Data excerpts
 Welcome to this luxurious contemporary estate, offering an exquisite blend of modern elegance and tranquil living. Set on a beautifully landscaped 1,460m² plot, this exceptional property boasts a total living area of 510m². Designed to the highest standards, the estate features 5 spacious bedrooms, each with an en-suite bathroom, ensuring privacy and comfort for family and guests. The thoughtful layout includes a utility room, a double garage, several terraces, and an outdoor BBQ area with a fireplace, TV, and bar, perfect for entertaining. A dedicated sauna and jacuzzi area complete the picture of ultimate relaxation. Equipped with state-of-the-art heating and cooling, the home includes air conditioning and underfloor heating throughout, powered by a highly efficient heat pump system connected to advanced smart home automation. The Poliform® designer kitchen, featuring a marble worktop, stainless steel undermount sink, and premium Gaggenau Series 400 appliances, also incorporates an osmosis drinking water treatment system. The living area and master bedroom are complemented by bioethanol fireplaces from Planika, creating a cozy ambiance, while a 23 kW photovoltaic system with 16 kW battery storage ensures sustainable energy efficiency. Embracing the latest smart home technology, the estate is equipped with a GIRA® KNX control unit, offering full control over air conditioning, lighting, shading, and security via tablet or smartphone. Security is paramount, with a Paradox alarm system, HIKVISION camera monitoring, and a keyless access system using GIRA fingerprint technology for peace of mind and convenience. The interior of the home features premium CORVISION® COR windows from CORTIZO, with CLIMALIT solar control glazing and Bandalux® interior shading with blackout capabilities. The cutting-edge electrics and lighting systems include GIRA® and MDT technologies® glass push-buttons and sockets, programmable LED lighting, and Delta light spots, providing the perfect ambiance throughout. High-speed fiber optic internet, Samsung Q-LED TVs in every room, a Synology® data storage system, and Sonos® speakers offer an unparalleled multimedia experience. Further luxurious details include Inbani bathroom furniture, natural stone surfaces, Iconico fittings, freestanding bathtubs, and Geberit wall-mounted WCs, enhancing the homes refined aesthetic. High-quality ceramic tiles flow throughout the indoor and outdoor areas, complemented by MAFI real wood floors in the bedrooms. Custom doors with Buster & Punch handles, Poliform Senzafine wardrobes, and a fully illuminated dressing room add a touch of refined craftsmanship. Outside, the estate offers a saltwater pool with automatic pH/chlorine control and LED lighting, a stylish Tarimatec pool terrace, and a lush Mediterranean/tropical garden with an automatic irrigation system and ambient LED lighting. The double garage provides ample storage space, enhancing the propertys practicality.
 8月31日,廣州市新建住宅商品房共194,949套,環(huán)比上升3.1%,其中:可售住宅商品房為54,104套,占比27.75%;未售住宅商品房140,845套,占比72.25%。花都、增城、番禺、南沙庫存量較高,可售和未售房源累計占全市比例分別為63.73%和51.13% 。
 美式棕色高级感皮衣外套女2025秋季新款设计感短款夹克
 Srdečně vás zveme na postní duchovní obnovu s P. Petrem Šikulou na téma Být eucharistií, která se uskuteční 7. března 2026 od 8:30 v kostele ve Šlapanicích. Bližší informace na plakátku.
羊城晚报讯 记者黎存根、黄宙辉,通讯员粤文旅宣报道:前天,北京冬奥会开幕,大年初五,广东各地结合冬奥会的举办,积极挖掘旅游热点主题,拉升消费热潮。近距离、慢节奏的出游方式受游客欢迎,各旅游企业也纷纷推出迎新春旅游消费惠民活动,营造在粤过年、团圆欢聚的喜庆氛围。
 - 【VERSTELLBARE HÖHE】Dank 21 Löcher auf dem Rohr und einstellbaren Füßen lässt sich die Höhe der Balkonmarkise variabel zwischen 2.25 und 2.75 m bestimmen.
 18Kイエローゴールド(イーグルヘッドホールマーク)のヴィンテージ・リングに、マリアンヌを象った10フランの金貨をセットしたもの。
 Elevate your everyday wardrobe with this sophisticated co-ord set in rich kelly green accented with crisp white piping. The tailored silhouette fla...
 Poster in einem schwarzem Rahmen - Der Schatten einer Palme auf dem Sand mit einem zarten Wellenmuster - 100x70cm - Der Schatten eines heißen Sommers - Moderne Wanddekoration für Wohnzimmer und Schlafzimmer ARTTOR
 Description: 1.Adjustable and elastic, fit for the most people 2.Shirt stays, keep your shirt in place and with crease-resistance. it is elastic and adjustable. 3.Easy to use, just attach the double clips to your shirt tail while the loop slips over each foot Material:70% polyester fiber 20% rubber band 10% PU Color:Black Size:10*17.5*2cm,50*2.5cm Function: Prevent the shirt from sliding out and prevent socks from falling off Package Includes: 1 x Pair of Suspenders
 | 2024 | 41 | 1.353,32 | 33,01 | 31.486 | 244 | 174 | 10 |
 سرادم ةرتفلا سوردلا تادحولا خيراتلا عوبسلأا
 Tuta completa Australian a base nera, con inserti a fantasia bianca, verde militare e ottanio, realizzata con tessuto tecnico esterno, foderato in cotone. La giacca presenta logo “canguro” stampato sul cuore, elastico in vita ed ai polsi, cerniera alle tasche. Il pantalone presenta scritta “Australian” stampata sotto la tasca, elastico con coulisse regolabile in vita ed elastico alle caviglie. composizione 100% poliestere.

Instructions to follow:
Would you copy every line of the entries that includes the word "your"?

Exercise result:
 Elevate your everyday wardrobe with this sophisticated co-ord set in rich kelly green accented with crisp white piping. The tailored silhouette fla...
 Description: 1.Adjustable and elastic, fit for the most people 2.Shirt stays, keep your shirt in place and with crease-resistance. it is elastic and adjustable. 3.Easy to use, just attach the double clips to your shirt tail while the loop slips over each foot Material:70% polyester fiber 20% rubber band 10% PU Color:Black Size:10*17.5*2cm,50*2.5cm Function: Prevent the shirt from sliding out and prevent socks from falling off Package Includes: 1 x Pair of Suspenders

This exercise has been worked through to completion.